**Supplied material**
──────

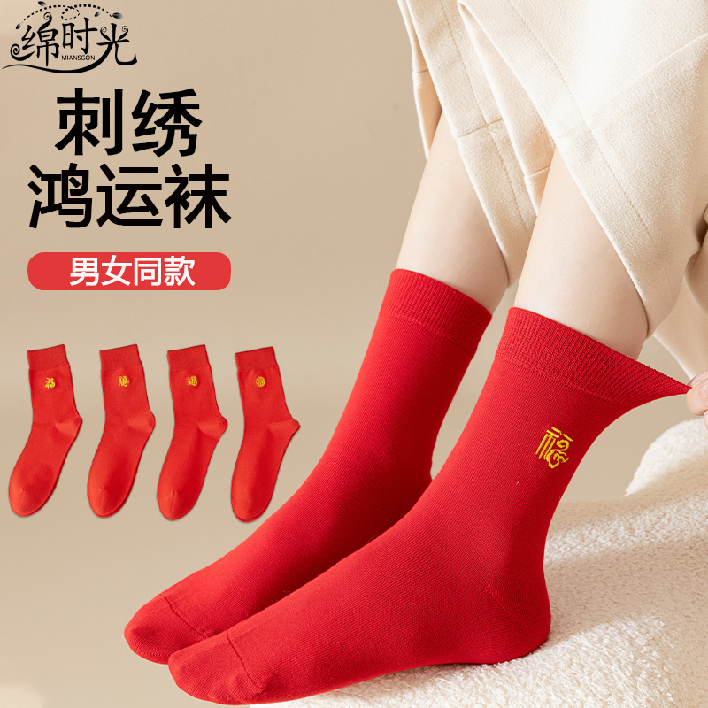 大红袜子男女新年结婚冬季喜庆本命年红色袜子保暖刺绣款中筒红袜
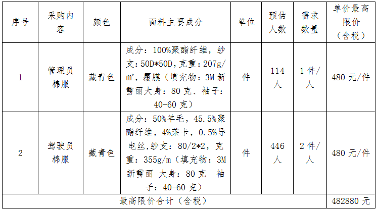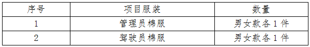 注:1、投标人的每件服装均不得体现商标和投标人名称。
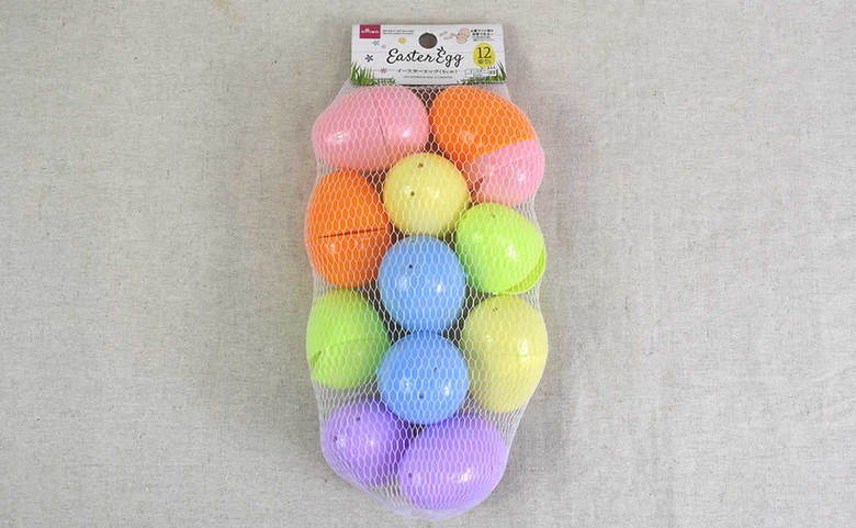 12個のタマゴがセットになっていて、それぞれオレンジやピンクなどでカラーリングされています。タマゴの真ん中をパカっと割ると、その中に小物を入れることが可能。

──────

**Instructions for the task**
Please retype the material in full, exactly as it reads, apart from the images.

**Reply**
 大红袜子男女新年结婚冬季喜庆本命年红色袜子保暖刺绣款中筒红袜
 注:1、投标人的每件服装均不得体现商标和投标人名称。
 12個のタマゴがセットになっていて、それぞれオレンジやピンクなどでカラーリングされています。タマゴの真ん中をパカっと割ると、その中に小物を入れることが可能。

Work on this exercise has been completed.